Asthma is a chronic inflammatory disease of the lower airway. The prevalence of asthma is approximately 300 million cases in the world and in Thailand it affects approximately 6.9% of adults [1]. Asthma exacerbation is defined as asthma attack. The airway becomes swollen and inflamed and the muscles around the airway contract causing the bronchial tubes to narrow. Symptoms and exacerbations of asthma include breathlessness, coughing, wheezing, and chest tightness [2]. Severe exacerbations of asthma are potentially life-threatening and require prompt care, close observation for deterioration, and frequent treatments [2]. The public health burden of acute exacerbation asthma is an especially important and costly problem. The major cause of exacerbation in children and adults is common respiratory virus [3]. At least one exacerbation is an important risk factor for recurrent asthma exacerbation [4]. Moreover, asthma exacerbation is associated with accelerated loss of lung function [5].
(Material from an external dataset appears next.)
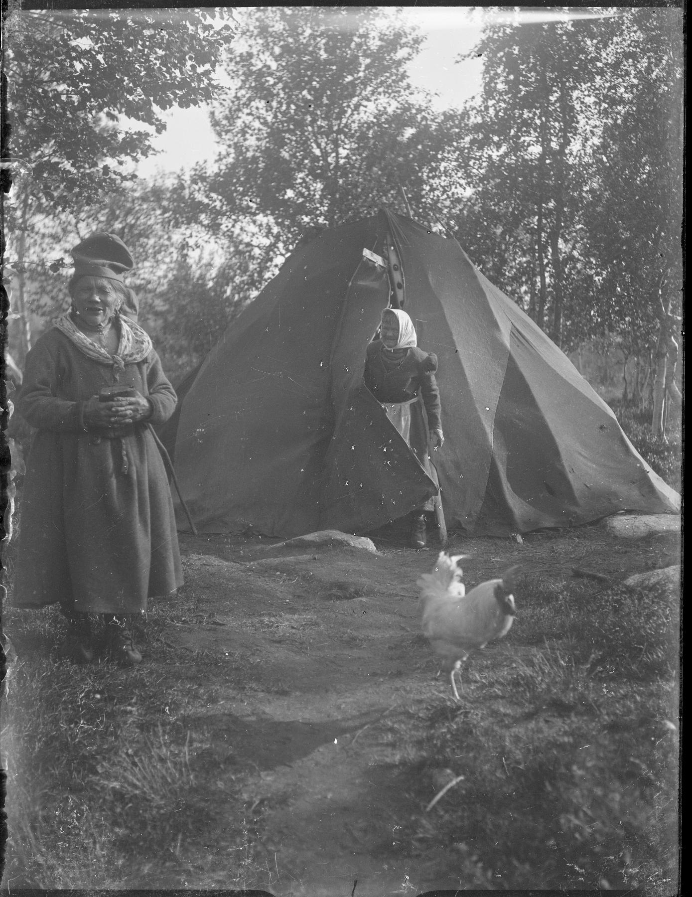 i dörröppningen till en tältkåta står en äldre kvinna klädd i en sydsamisk kolt med puffärm. I förgrunden står en annan gammal kvinna klädd i sydsamisk kolt och mössa. På bilden syns också en tupp. I bakgrunden björkar.

Vitamin D is a fat-soluble vitamin that is important to the body by balancing calcium and bone, innate and adaptive immunity, and homeostasis of many organs [6]. Vitamin D from food or dermal synthesis is inactive and requires enzymatic conversion to become active. Hypovitaminosis D is typically diagnosed by measuring the concentration in blood of 25-hydroxyvitamin D (25(OH)D), the primary circulating form of vitamin D, and then 1,25-dihydroxyvitamin D, the active form of vitamin D, by the enzyme 25-hydroxylase in the liver and kidney [7]. Vitamin D insufficiency is defined as a 25(OH)D level less than 30 ng/mL. Furthermore, vitamin D deficiency is defined as 25(OH)D levels below 20 ng/mL, with a resultant consistent elevation of PTH and reduction in intestinal calcium absorption. People living in tropical countries are exposed to the sun and usually have high levels of vitamin D. However, studies in tropical countries have found the prevalence of vitamin D deficiency to be about 30 to 50% [8, 9]. In Thailand, the prevalence of hypovitaminosis D is nearly more than 50% [10].

Low serum levels of vitamin D have been linked to increased risk of asthma exacerbation in children and adults. Hypovitaminosis D is associated with increased risk of cardiovascular disease, autoimmune disease, cancer, and allergy disease [11, 12]. Vitamin D plays a significant role in the immune system of asthma. It directly affects the adaptive immune system through its effects on Th1, Th2, and regulatory T cells [13]. It promotes peripheral tolerance by inhibiting inflammation and the induction or maintenance of regulatory T cell populations, both IL-10+ and FOXP3+ [13]. Serum 25(OH)D levels correlated with CD4+FOXP3+ Treg cells numbers in moderate/severe asthma [14]. This cross-sectional study demonstrated that the frequency of circulating CD4+FOXP3+ Treg cells is significantly lower in steroid resistance than in steroid sensitive asthmatic patients [14]. Also, it directs the induction of innate antimicrobial mechanisms to efficiently resolve infection, especially respiratory viral infections [15]. Hypovitaminosis D is frequent in asthmatic patients [16, 17]. Notably, vitamin D insufficiency has been associated with severe asthma exacerbations in children and decreased serum vitamin D levels are associated with increased corticosteroid use [18, 19]. Vitamin D deficiency has been associated with the asthma epidemic, obesity in African Americans, westernization of countries with higher-risk populations for asthma, increased airway hyperresponsiveness, lower pulmonary functions, worse asthma control, and possibly steroid resistance [20]. People given vitamin D supplement had fewer asthma attacks needing treatment with oral steroids [21]. The average number of asthma attacks per person per year decreased from 0.44 to 0.28 with vitamin D [21]. Vitamin D reduced the risk of attending hospital with acute exacerbation asthma from 6 per 100 to around 3 per 100 [21].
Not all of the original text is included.